Inoltre, sono oggi disponibili e indicati anche farmaci che hanno un dimostrato effetto anti-albuminurico nonché nefroprotettivo e cardioprotettivo: sistema renina-angiotensina (RAS)-inibitori, Sodium-Glucose Linked Transporter 2 (SGLT2)-inibitori, Non-Steroidal Mineralcorticoid Receptor Antagonist (ns-MRA), analoghi Glucagon-like Peptide-1 (GLP-1).
In particolare, la nefroprotezione e cardioprotezione si esplicano nella riduzione del rischio di ESKD, dialisi e morte renale, e di eventi cardiovascolari fatali e non fatali, nonché nella prevenzione del peggioramento dello scompenso cardiaco e nella riduzione dell’ospedalizzazione e mortalità da tutte le cause.

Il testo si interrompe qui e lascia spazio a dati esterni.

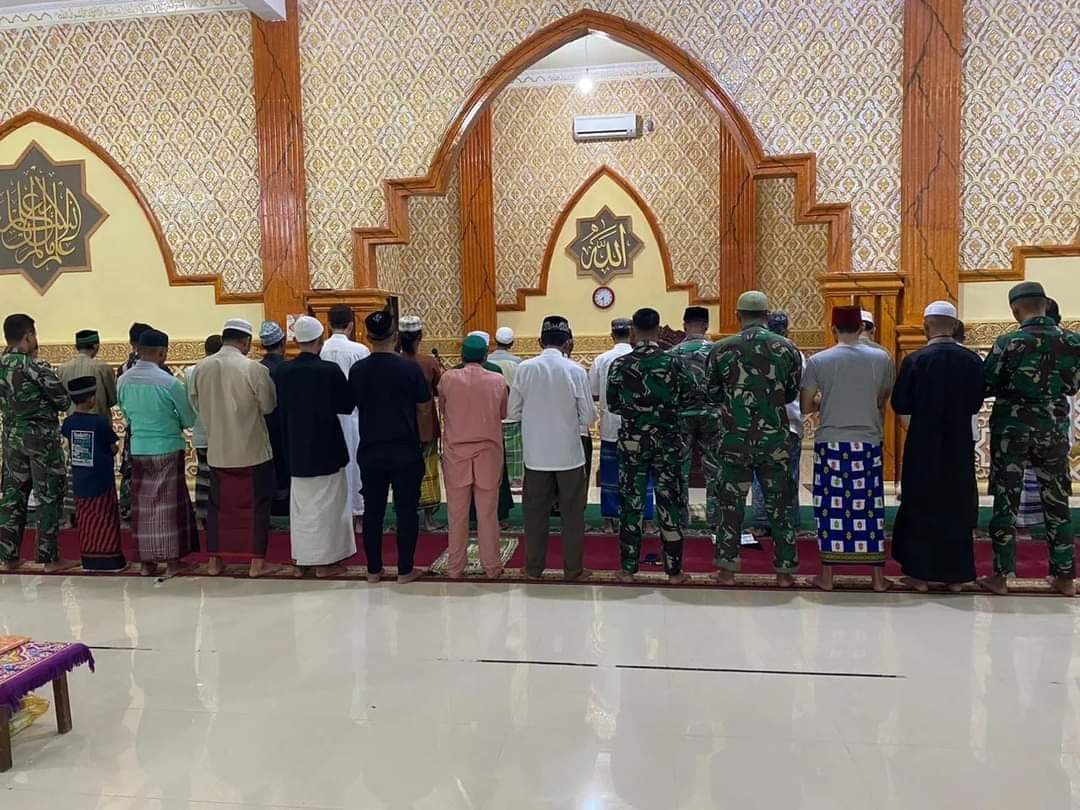 SANGGAU, KALBAR – Dalam rangka wujudkan kebersamaan serta untuk menjalin silaturahmi dengan warga masyarakat di wilayah perbatasan, Prajurit Pos Koki SSK IV Balikarangan Satuan Tugas Pengamanan Perbatasan (Satgas Pamtas) RI-Malaysia Yonif 645/Gardatama Yudha melaksanakan sholat tarawih bersama dengan warga perbatasan. bertempat di masjid muhajirin Desa Kenaman, Kecamatan Sekayam, Kabupaten Sanggau, Kalimantan Barat.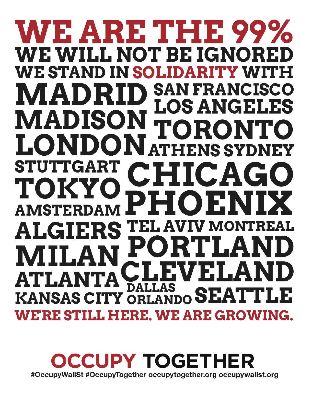 Occupy Together exists solely to help organize, publicize, and support the growing number of communities that are showing support for the Occupy Wall St. movement. We don’t have any other agenda outside of this. We stand by the developing mission of Occupy Wall St., but we are not representatives for Occupy Wall St.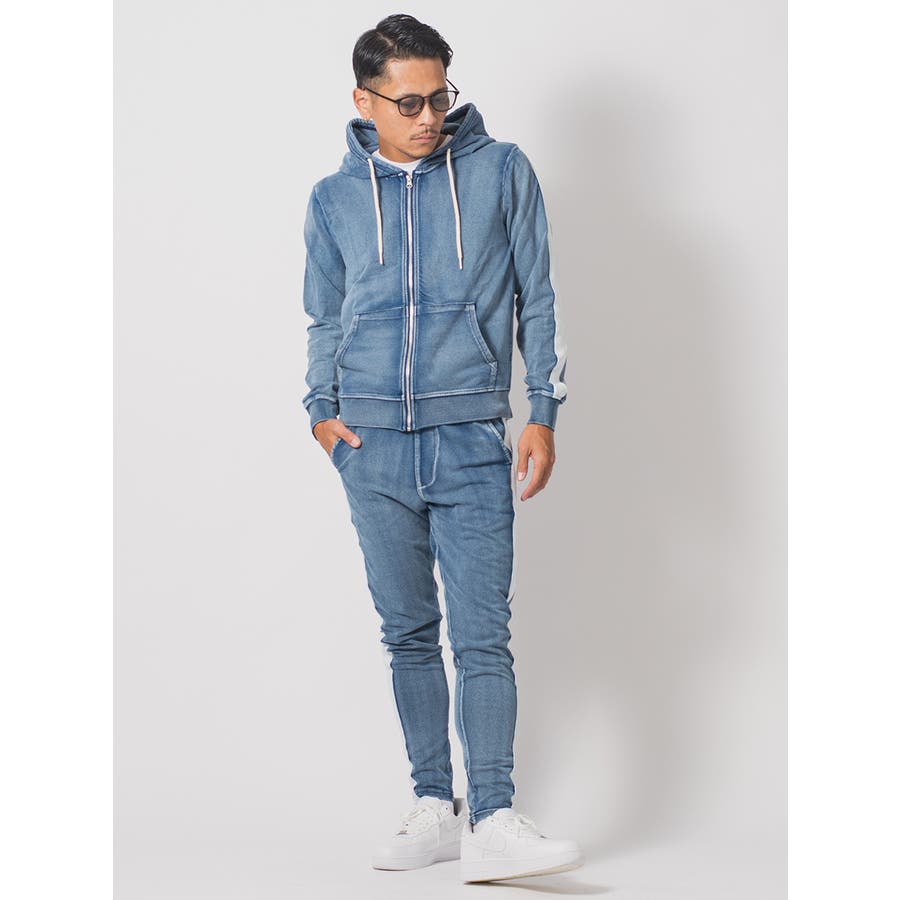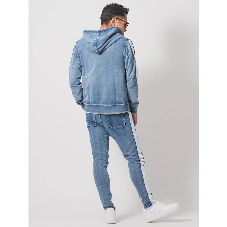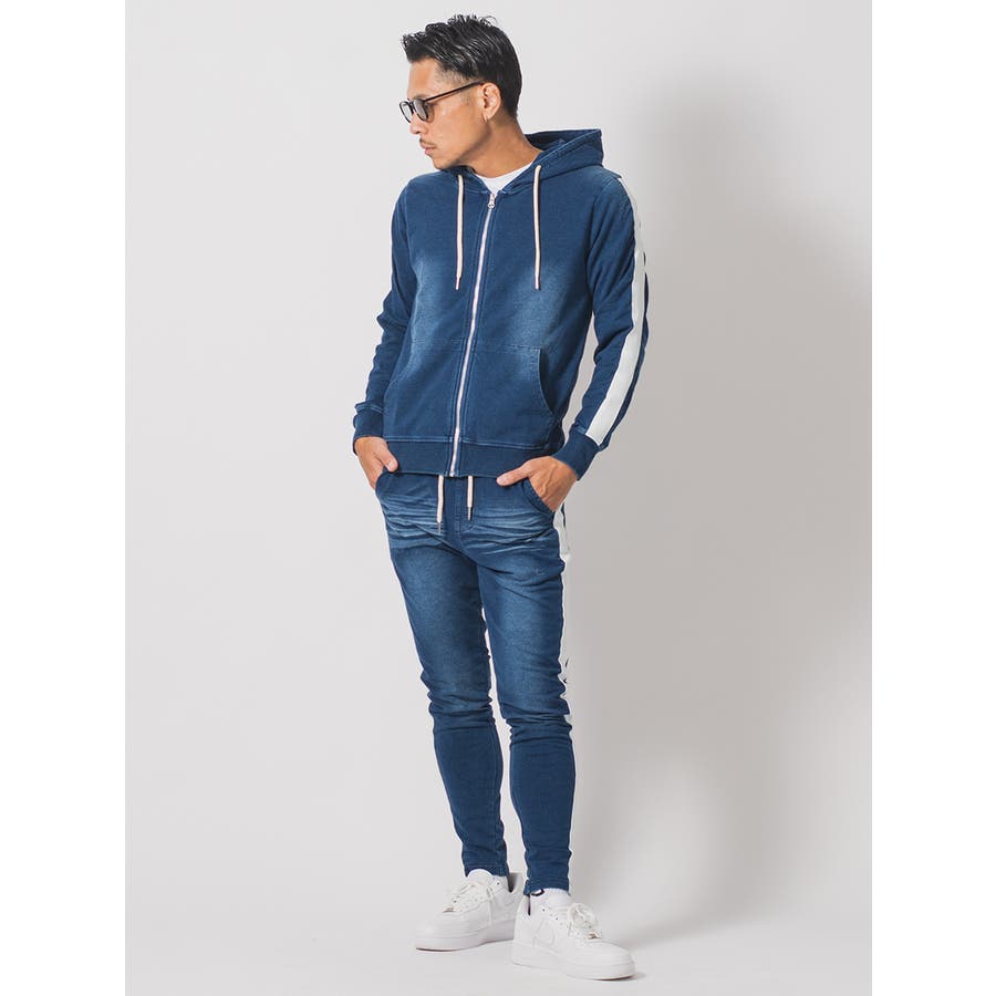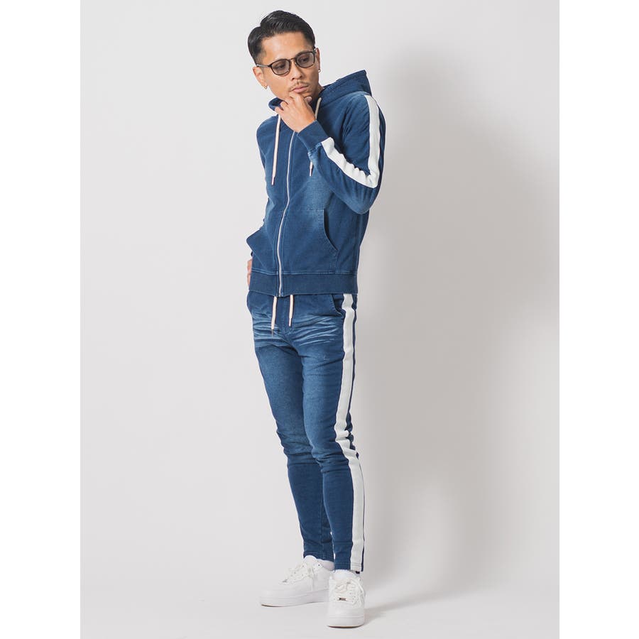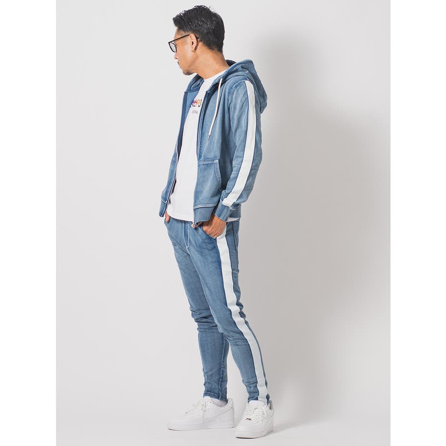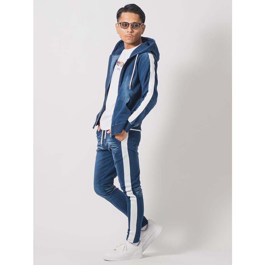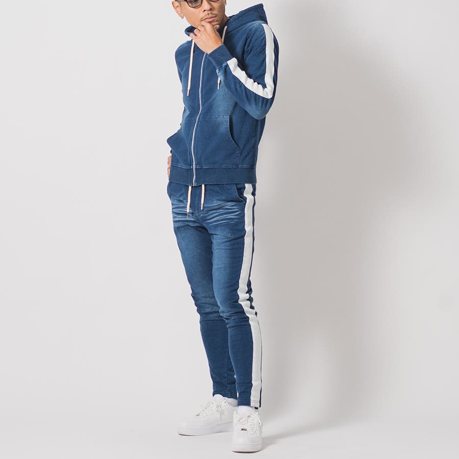 サイドラインデニム裏毛セットアップ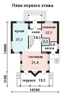 В особняке по проекту запланирована комфортабельная терраса размером 19,2 кв. м., открывающая обширные возможности для использования, например, для барбекю или вечеринок с друзьями на свежем воздухе. Выход на террасу осуществляется из гостиной комнаты площадью 21,4 кв. м. С левой стороны она объединена с большой кухней размером 21, кв. м. По правой стороне от гостиной находится небольшая котельная, санузел, а так же комната для размещения гостей.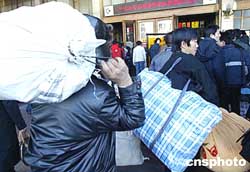 中國傳統(tǒng)農(nóng)歷新年春節(jié)將至,元月十二日北京眾多民工已開始陸續(xù)離京返鄉(xiāng),即將到來的二零零五年春運期間預(yù)計將運送旅客一億三千七百萬人次。圖為北京火車站離京返鄉(xiāng)的民工。作者:錢興強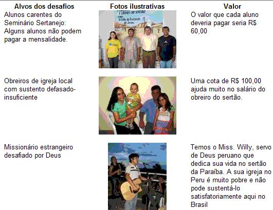 Estado, João Pessoa. Este primeiro Projeto tinha como objetivo plantar uma igreja e foi realizado com uma equipe de quinze jovens por dez dias. Após esta experiência, amadurecidos com a análise do trabalho, percebemos a grande necessidade do interior nordestino, cujas cidades vivem sob uma carência espiritual deprimente, resultado da pouca ou nenhuma assistência espiritual que recebiam à época. Orientados por Deus realizamos uma exaustiva pesquisa envolvendo todo o Estado da Paraíba no objetivo de levantar o seu perfil religioso. Detectamos, então, o que procurávamos: as cidades mais carentes do evangelho e, principalmente, aquelas desprovidas de qualquer trabalho evangélico. Encontramos desta forma, as cidades sem evangelho em todo o estado da Paraíba, que estavam à nossa espera, sendo que a maioria absoluta situava-se no sertão, região mais pobre e idólatra. Nasceram a partir daí, os Projetos Missionários atuais, direcionados às cidades sem evangelho com o objetivo de alcançar populações ainda não alcançadas para abertura de campos missionários e, conseqüentemente, de igrejas pioneiras. "Para não edificar sobre fundamento alheio; antes, como está escrito: Hão de vê-lo aqueles que não tiveram notícia dEle, e compreendê-Lo os que nada tinham ouvido a Seu respeito", Romanos 15: 20,21. Uma característica dos Projetos Missionários é a mobilização de diversas igrejas evangélicas do Brasil para apoiar de forma concreta os citados Projetos, movidos pela visão missionária de alcançar e abençoar uma cidade sertaneja com o Evangelho de Cristo. Forma-se, portanto, uma grande frente evangelística da qual participam igrejas das mais diferentes denominações que dão apoio e retaguarda no envio das Equipes Missionárias, formadas por voluntários vindos de várias partes do país. Portanto, é permanente o nosso sentimento de gratidão a Deus pela vida da liderança pastoral do nosso país. I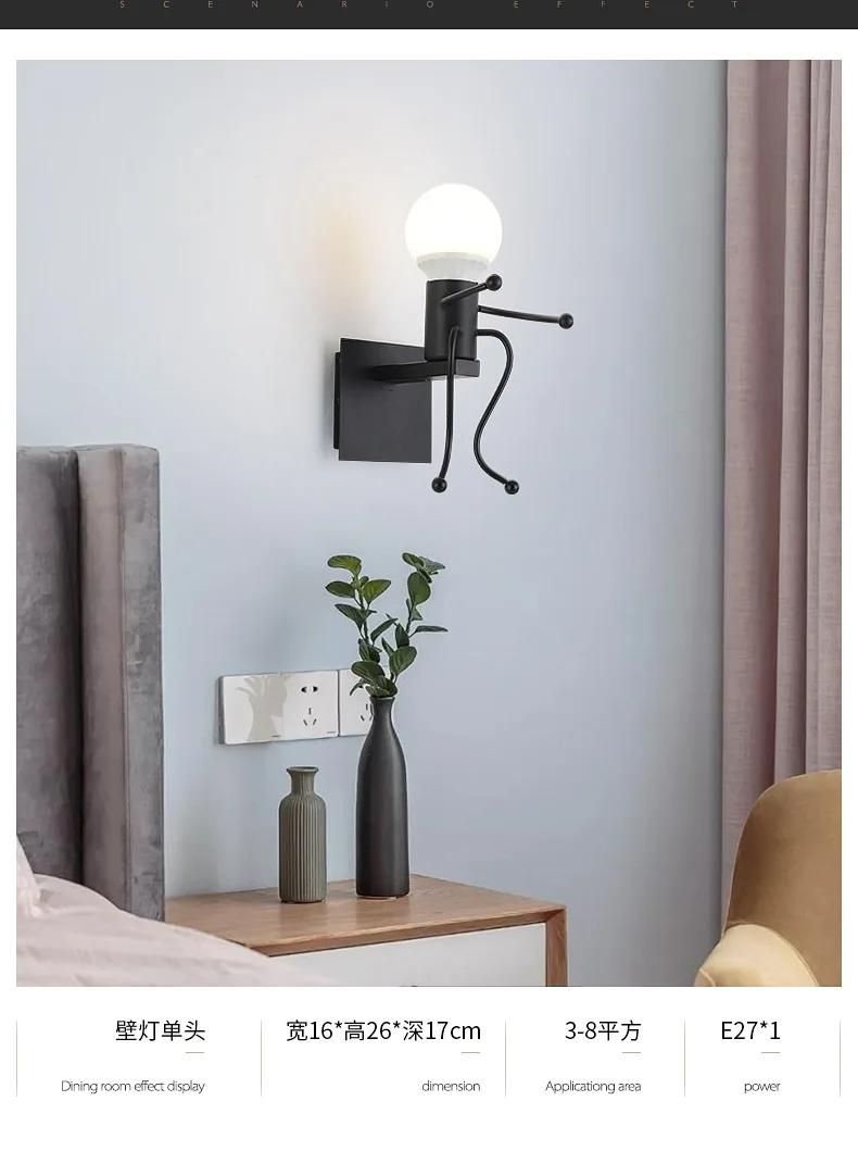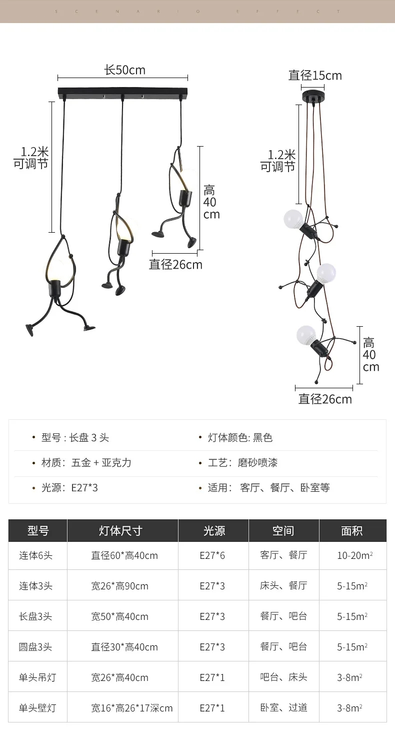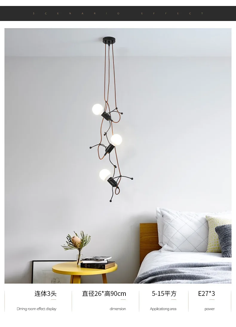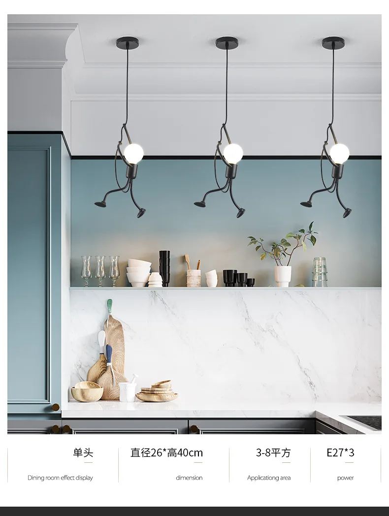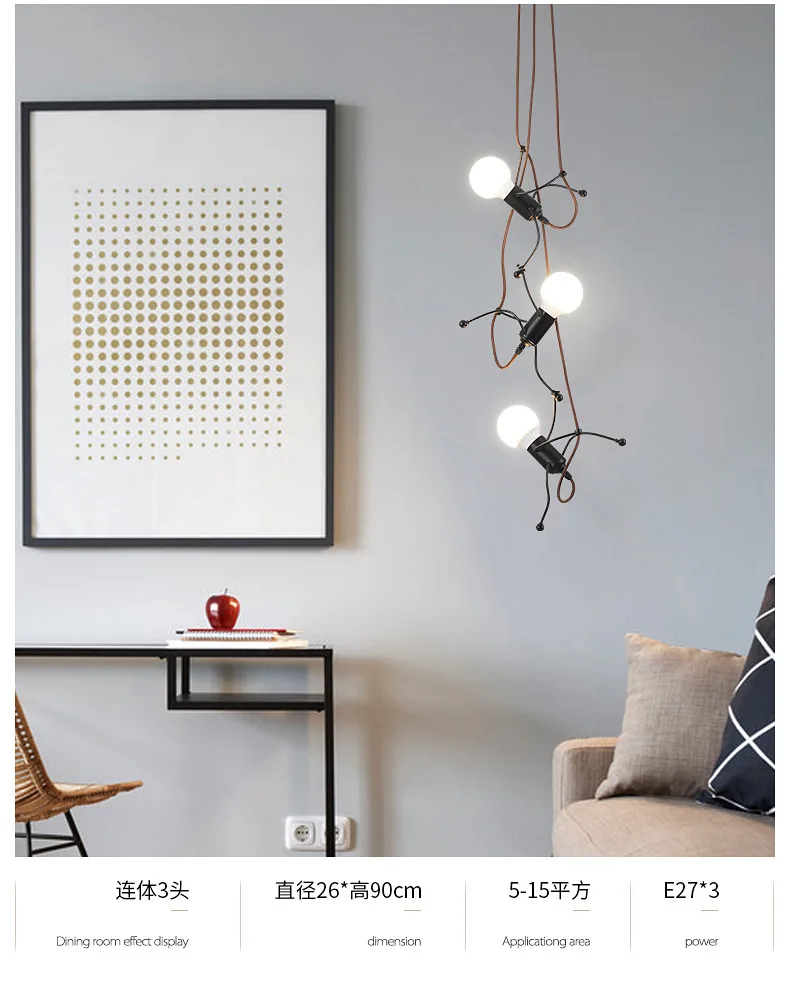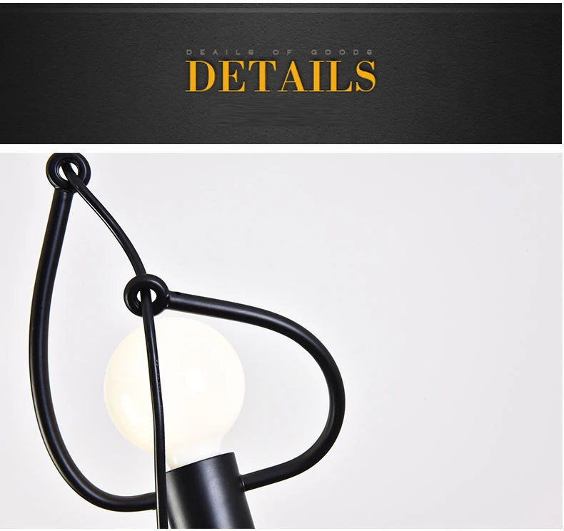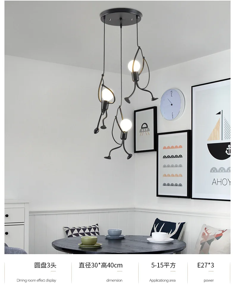 Этот креативный подвесной светильник-отличный подарок для вашей семьи и друзей. Высококачественная Черная мультяшная люстра, как маленький железный человек, который поднимается, это не только освещение, но и искусство украшения.

I RAS-inibitori (ACE-i o ARBs) hanno un ruolo, oltre che antipertensivo, anche anti-proteinurico e, attraverso la riduzione della caduta del filtrato, anche nefroprotettivo. Non sono state dimostrate differenze significative nell’utilizzo di ACE-i o ARBs.39-41 È noto, inoltre, che l’utilizzo combinato di ACE-i + ARBs, così come l’associazione con Aliskiren (inibitore diretto della renina), non apporta migliori risultati in termini di riduzione del rischio di progressione della malattia renale cronica, rispetto alla monoterapia, e aumenta il rischio di effetti collaterali (iperkaliemia e insufficienza renale acuta).42,43
Per quanto riguarda gli SGLT2-i, non si limitano solo al miglioramento del controllo glicemico (inducendo glicosuria), ma agiscono anche sulla correzione dell’iperfiltrazione glomerulare, determinando natriuresi e ripristinando il funzionamento del feedback tubulo glomerulare.44 I maggiori rischi da considerare sono le infezioni uro-genitali, prevenibili con adeguate norme di igiene intima.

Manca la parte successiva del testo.